_Action item:_ The whole listing is to be restated word for word with no images.

_Given entries:_
((

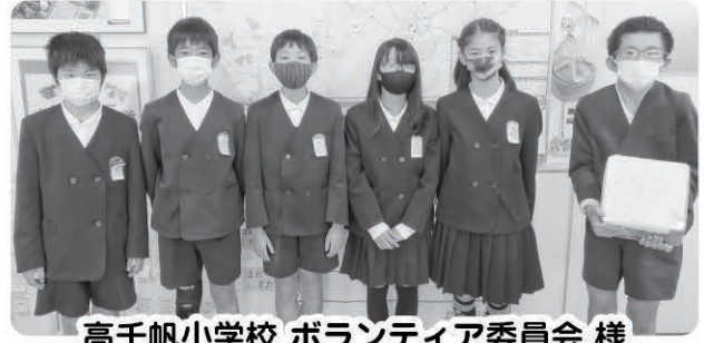
高千帆小学校 ボランティア委員会 様
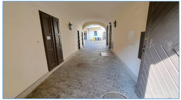
Kapualj bejárat az üzlet felé
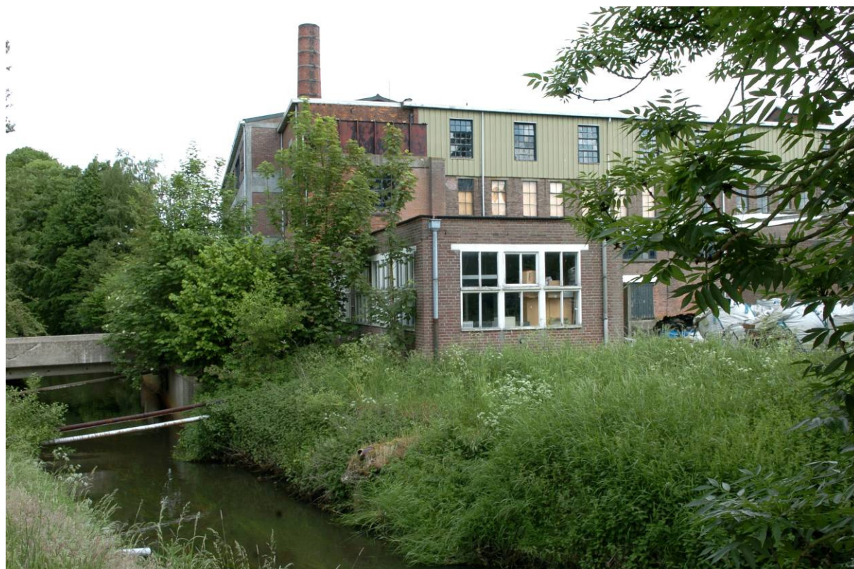
Industrieel erfgoed (Dongen)
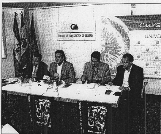
Presentación del curso de verano en el Colegio de Arquitectos
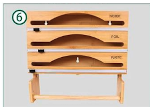
Bevestig de foliehouder op de door u gekozen plaats op de muur
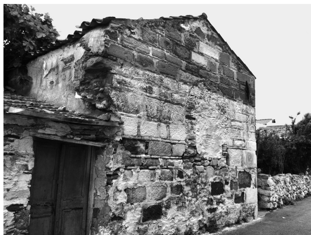
Εικ. 21. Πόλη Χίου, Κάστρο, κτίσμα παρά τον Άγιο Γεώργιο (Κεχρί).

χρησιμοποιηθεί λιθόπλινθοι από αρχαίο οικοδομικό υλικό. Οι ναοί ακολουθούν τον τύπο της μονόκλιτης καμαροσκεπαστης δρομικής βασιλικής, έναν τύπο που αποδειγμένα γνώρισε μεγάλη διάδοση στην περίοδο της τουρκοκρατίας 67 , αλλά δεν αποκλείεται και νωρίτερα 68 . Τα χαμηλότερα τμήματα της βόρειας πλευράς του Ταξιάρχη είναι κατασκευασμένα από αργολιθοδομή, που πιθανότατα έφερε επίχρυσμα. Το ίδιο και το χαμηλότερο τμήμα της ημικυκλικής αψίδας. Η δε αψίδα επιστέφεται από πλίνθινο οδοντωτό γείσο ανάμεσα σε δύο πλίνθινες στρώσεις και διατρύπεται από ένα δίλοβο παράθυρο, στο οποίο μεταγενέστερα προστέθηκε τόξο από συμπαγή τούβλα. Από τα ίδια τούβλα κατασκευάστηκε και το τρίλοβο παράθυρο της δυτικής όψης, που θα πρέπει να ανάγεται στην ίδια φάση. Είναι φανερό ότι και ο ναός του Ταξιάρχη βρίσκεται στους απόηχους μιας βυζαντινίζουσας παράδοσης. Ο συνδυασμός όλων αυτών των στοιχείων (οδοντωτό γείσο, δίλοβο παράθυρο ιερού) με το πλινθοπερίκλειστο σύστημα θα μπορούσε να οδηγήσει σε μια χρονολόγηση του μνημείου από τα τέλη του 16ου αιώνα και εξής. Η δε ομοιότητα με τον ακριβώς χρονολογημένο περίβολο του Παλαιού Ταξιάρχη στα Μεστά και το ναό των Αγίων Αποστόλων στον ίδιο οικισμό, θα μπορούσε να ανεβάσει αυτήν τη χρονολόγηση μέχρι τα μέσα του 18ου αιώνα. Την ίδια περίοδο θα μπο-
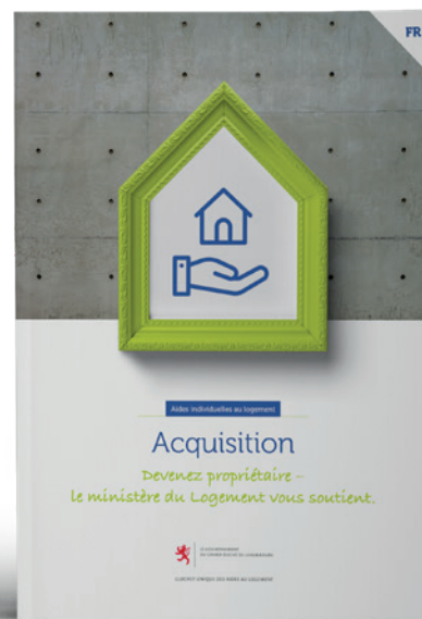
Aides individuelles pour l'acquisition
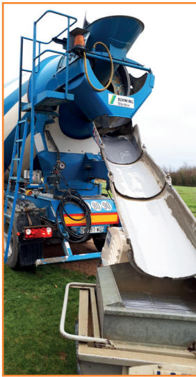
Versement du mélange de la toupie dans la cuve de la pompe
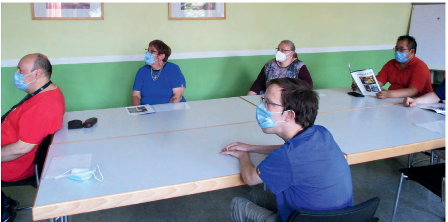
UNGEWOHNT: Informationsaustausch fand dieses Mal per Blick auf den Beamer statt.
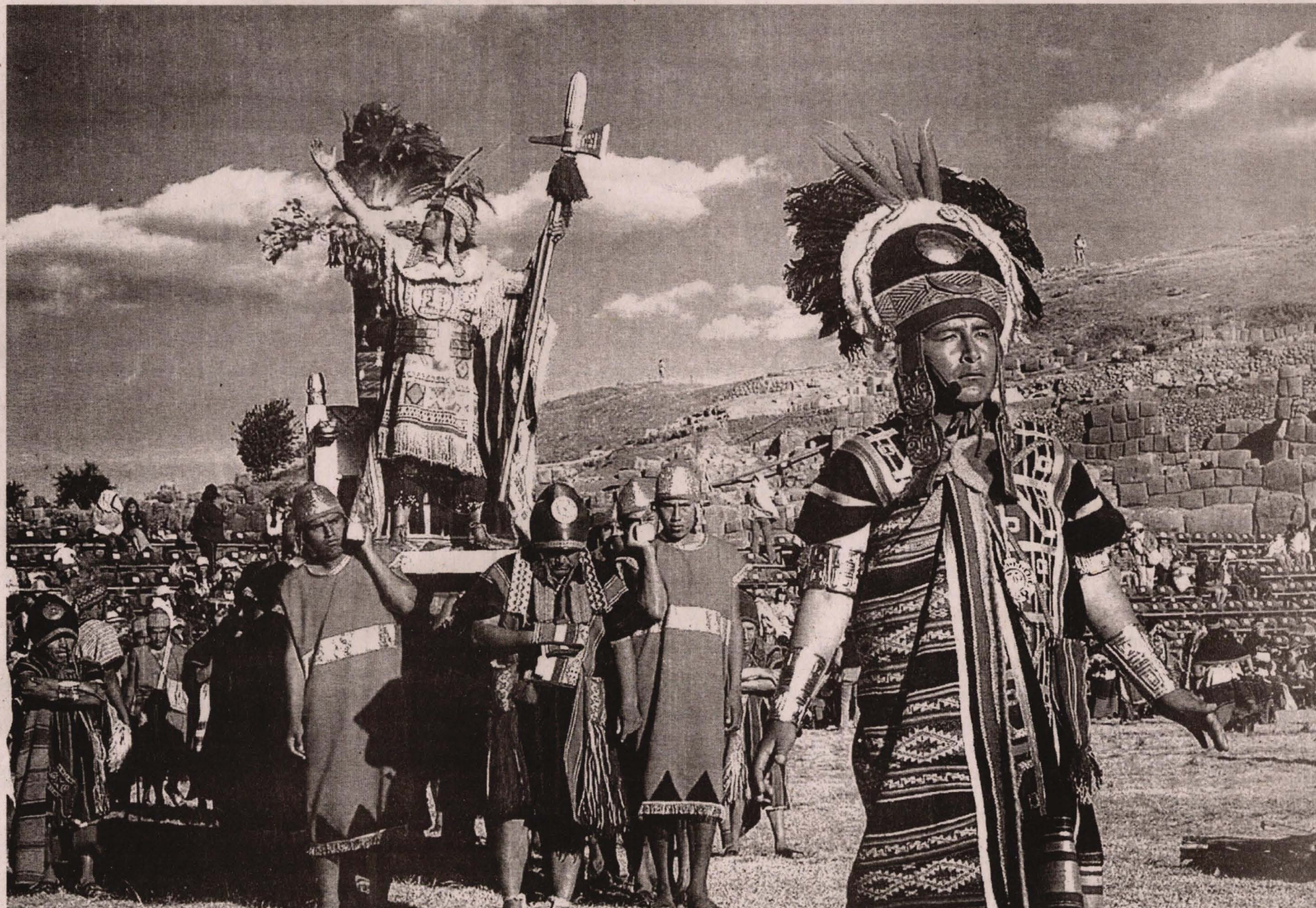
●SEGÚN ESTA TESIS más de 100 habrían gobernado el imperio de los incas durante 1000 años.

Cuzco y ha sido profesor de esta en universidades europeas. Asimismo, ha sido investigador, en universidades polacas, y catedrático en la Universidad Nacional de San Cristóbal de Huamanga, en la Pontificia Universidad Católica del Perú y en la Universidad Hebrea de Jerusalem.

))

_Response:_
高千帆小学校 ボランティア委員会 様
Kapualj bejárat az üzlet felé
Industrieel erfgoed (Dongen)
Presentación del curso de verano en el Colegio de Arquitectos
Bevestig de foliehouder op de door u gekozen plaats op de muur
Εικ. 21. Πόλη Χίου, Κάστρο, κτίσμα παρά τον Άγιο Γεώργιο (Κεχρί).

χρησιμοποιηθεί λιθόπλινθοι από αρχαίο οικοδομικό υλικό. Οι ναοί ακολουθούν τον τύπο της μονόκλιτης καμαροσκεπαστης δρομικής βασιλικής, έναν τύπο που αποδειγμένα γνώρισε μεγάλη διάδοση στην περίοδο της τουρκοκρατίας 67 , αλλά δεν αποκλείεται και νωρίτερα 68 . Τα χαμηλότερα τμήματα της βόρειας πλευράς του Ταξιάρχη είναι κατασκευασμένα από αργολιθοδομή, που πιθανότατα έφερε επίχρυσμα. Το ίδιο και το χαμηλότερο τμήμα της ημικυκλικής αψίδας. Η δε αψίδα επιστέφεται από πλίνθινο οδοντωτό γείσο ανάμεσα σε δύο πλίνθινες στρώσεις και διατρύπεται από ένα δίλοβο παράθυρο, στο οποίο μεταγενέστερα προστέθηκε τόξο από συμπαγή τούβλα. Από τα ίδια τούβλα κατασκευάστηκε και το τρίλοβο παράθυρο της δυτικής όψης, που θα πρέπει να ανάγεται στην ίδια φάση. Είναι φανερό ότι και ο ναός του Ταξιάρχη βρίσκεται στους απόηχους μιας βυζαντινίζουσας παράδοσης. Ο συνδυασμός όλων αυτών των στοιχείων (οδοντωτό γείσο, δίλοβο παράθυρο ιερού) με το πλινθοπερίκλειστο σύστημα θα μπορούσε να οδηγήσει σε μια χρονολόγηση του μνημείου από τα τέλη του 16ου αιώνα και εξής. Η δε ομοιότητα με τον ακριβώς χρονολογημένο περίβολο του Παλαιού Ταξιάρχη στα Μεστά και το ναό των Αγίων Αποστόλων στον ίδιο οικισμό, θα μπορούσε να ανεβάσει αυτήν τη χρονολόγηση μέχρι τα μέσα του 18ου αιώνα. Την ίδια περίοδο θα μπο-
Aides individuelles pour l'acquisition
Versement du mélange de la toupie dans la cuve de la pompe
UNGEWOHNT: Informationsaustausch fand dieses Mal per Blick auf den Beamer statt.
●SEGÚN ESTA TESIS más de 100 habrían gobernado el imperio de los incas durante 1000 años.

Cuzco y ha sido profesor de esta en universidades europeas. Asimismo, ha sido investigador, en universidades polacas, y catedrático en la Universidad Nacional de San Cristóbal de Huamanga, en la Pontificia Universidad Católica del Perú y en la Universidad Hebrea de Jerusalem.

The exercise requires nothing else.